Re: 603 David Lean Directs Noël Coward

#31 Post by knives » Sat Oct 06, 2018 9:36 pm

matrixschmatrix wrote:
Sun Jul 15, 2012 12:52 pm
Watched Blithe Spirit last night, and it left sort of a bad taste in my mouth- the whole thing seemed sort of unpleasantly misogynistic, with both wives' whole existence revolving around nagging and irritating the Rex Harrison character. From the extras, it sounded as though in the stage version of the play the Harrison character was more of a slumping, middle aged dullard- which might have made the thing feel more balanced, and more of an all around farce- but casting the delightful Harrison makes the whole thing feel like a tract about how horrible wives are.

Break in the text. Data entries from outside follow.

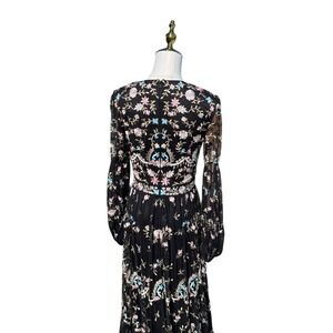 Adore the romance and ease of boho-chic frocks? You're in for a treat with this ethereal beauty made from soft netting embroidered with pastel botanicals. The dress is styled with a jewel neckline, sheer bishop sleeves, and a floaty skirt.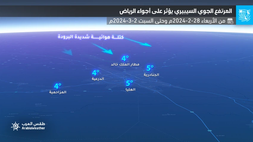 طقس العرب - سنان خلف - نبه كادر التنبؤات الجوية في مركز طقس العرب الإقليمي من الإنخفاض الحاد والكبير على درجات الحرارة الذي ستشهده عموم منطقة الرياض، بما في ذلك الأجزاء الداخلية من مدينة الرياض، كنتيجة لامتداد المرتفع الجوي السيبيري وتعمقه سريعاً في أجواء المملكة.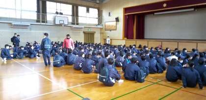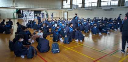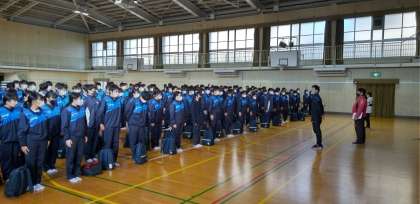 3年校外学習の出発式。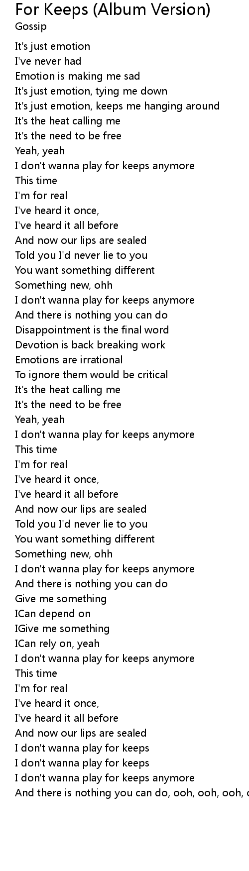 I don't wanna play for keeps |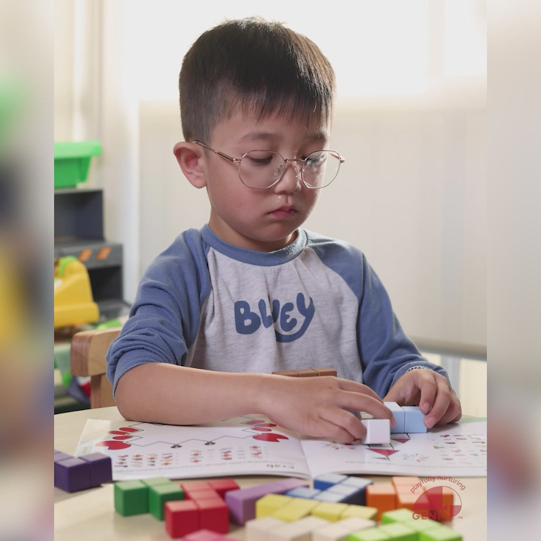 Build, stack, and solve over 100 puzzles using vibrant wooden blocks. A creative challenge that grows with your child!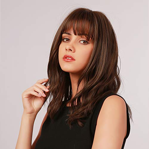 ECIF - Short Brown Wavy Bob Wig With Bangs,Shoulder Length Wigs For Women Short Curly Women's Wigs Natural Looking Heat Resistant Synthetic Wigs For Party Cosplay Halloween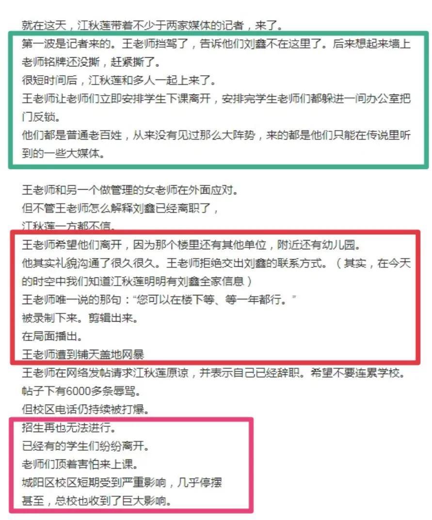 后来,刘鑫就职的培训机构不堪其扰,连续几年收到众多网友的质疑和谩骂,网爆已经严重影响了他们公司的经营。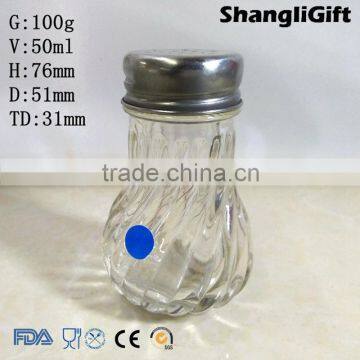 cheap 50ml ribbed glass spice jars pepper salt jars with metal lids

There are some nice moments- the repartee is obviously witty, the whole seance sequence is fun, and the oddly Stephen Fry looking medium in general is a nice break from the bad domestic drama- and it's not painful to watch or anything, but it looks like a bad Lockhorns strip compared to the delicate handling of Brief Encounter, much less Lean's Dickens adaptations.

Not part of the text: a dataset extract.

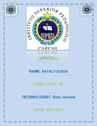 Este documento proporciona una lista de pronombres personales, posesivos y reflexivos en inglés y sus traducciones al español. Explica que en inglés no existe la forma "usted" y que sólo hay una forma de "tú/vosotros" escrita "you". Además, ofrece ejemplos para ilustrar el uso de cada pronombre.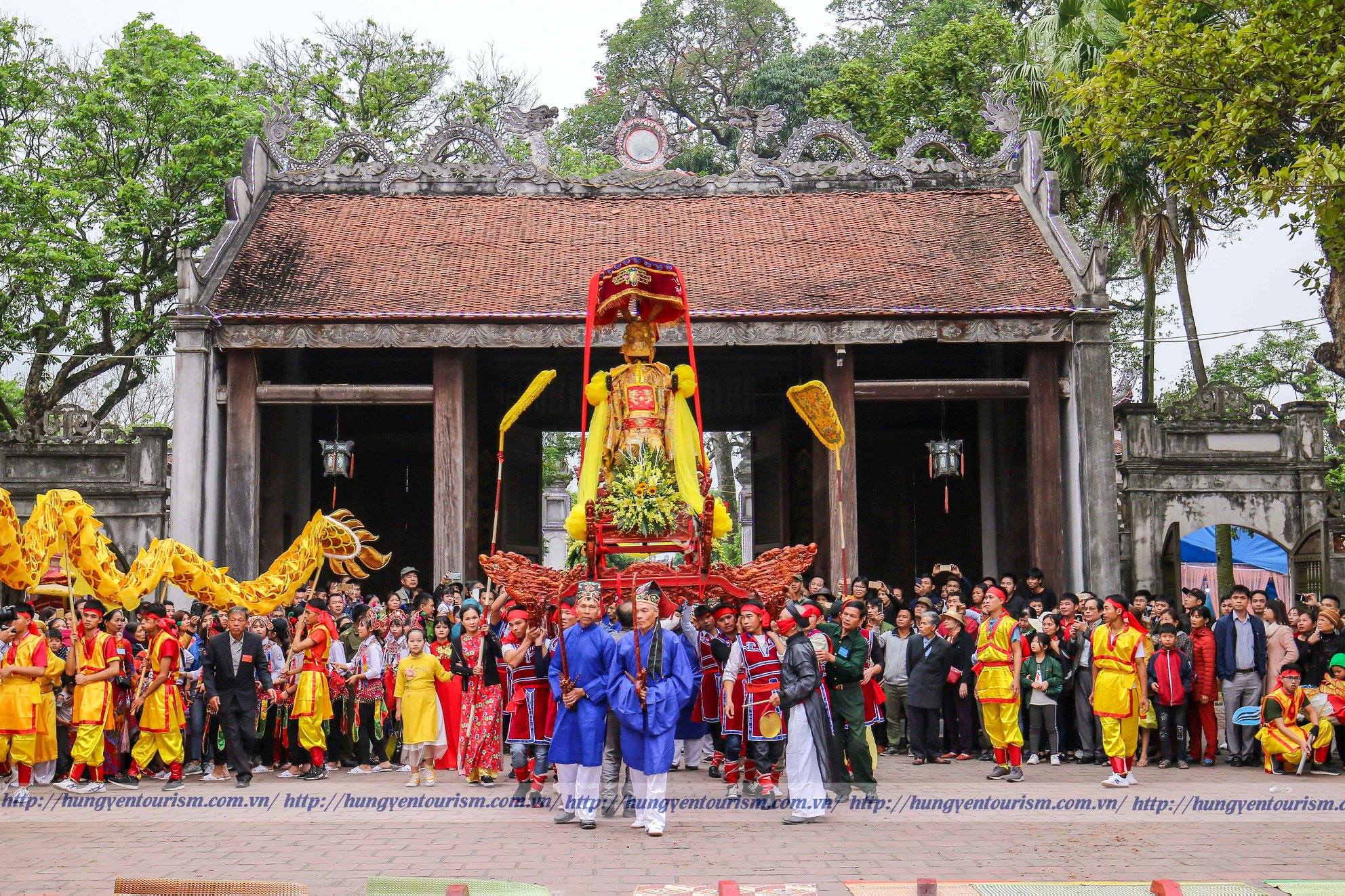Du khách tham quan đền Đa Hòa tại huyện Khoái Châu trên tuyến du lịch sông Hồng Loại hình du lịch văn hóa tâm linh gắn với tour du lịch sông Hồng và các tuyến đường bộ được phát triển trên cơ sở khai thác các giá trị di tích lịch sử – văn hóa gắn với văn minh lúa nước sông Hồng và sự hình thành, phát triển của tỉnh. Ngành du lịch của tỉnh đã chú trọng đẩy mạnh tổ chức các tour, tuyến điểm tham quan các di tích lịch sử – văn hóa, cụm di tích tiêu biểu như: Hà Nội – đền Đa Hòa, đền Dạ Trạch – Làng gốm Bát Tràng; Hà Nội – đền Đa Hòa, đền Dạ Trạch – Khu di tích quốc gia đặc biệt Phố Hiến; Khu di tích quốc gia đặc biệt Phố Hiến – đền Tống Trân – Di tích Quốc gia địa điểm Cây đa và đền La Tiến; chùa Thái Lạc – chùa Nôm – đền Ghênh…

In contra I've found this the most engaging and best film in the set. Maybe it is because I've been reading the similarly misogynistic Forbidden Colors by Mishima, but I took this as a gay attack on the idea of heterosexuality and the idea of staying with one partner for life (would make a great double feature with the similarly themed Tie Me Up, Tie Me Down). My understanding of what the ending of the play is only makes that more clear. That also allows for the charm of Harrison to work in the film's favour though as already said in the thread there's an obnoxious edge to him that prevents him from being a rootable person (the character is also comically wishy-washy).